====== DATA BELOW

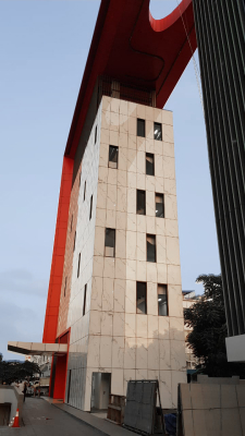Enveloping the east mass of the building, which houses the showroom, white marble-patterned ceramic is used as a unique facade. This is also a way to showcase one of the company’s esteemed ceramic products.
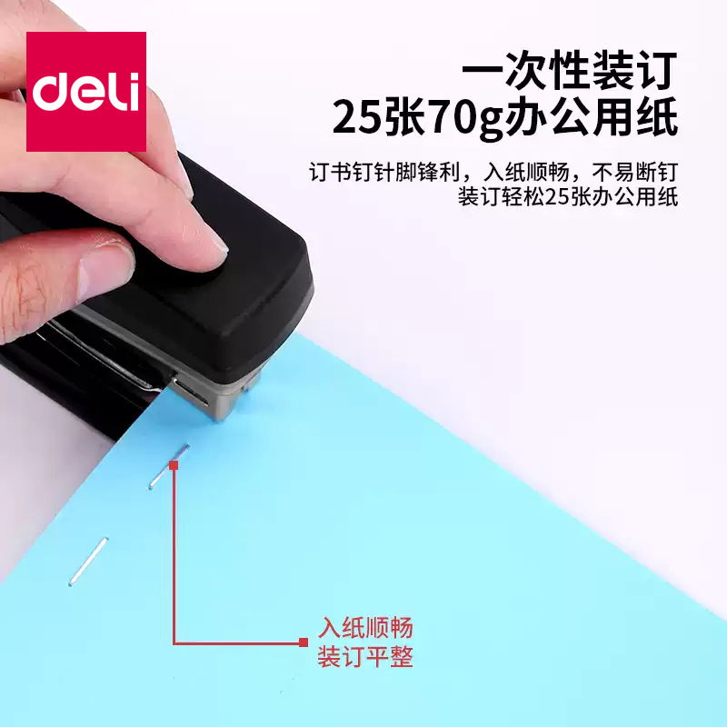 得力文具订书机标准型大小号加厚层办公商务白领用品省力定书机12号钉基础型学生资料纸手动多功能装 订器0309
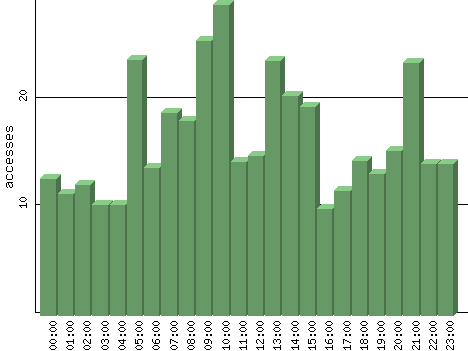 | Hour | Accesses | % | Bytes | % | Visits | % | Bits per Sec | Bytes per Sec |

============

**TASK STATEMENT**: Reproduce word for word the lines running from the line with "得力文具订书机标准型大小号加" through the end of the data, both included, and nothing else; leave out the pictures.

**THE COMPLETED TASK**:
 得力文具订书机标准型大小号加厚层办公商务白领用品省力定书机12号钉基础型学生资料纸手动多功能装 订器0309
 | Hour | Accesses | % | Bytes | % | Visits | % | Bits per Sec | Bytes per Sec |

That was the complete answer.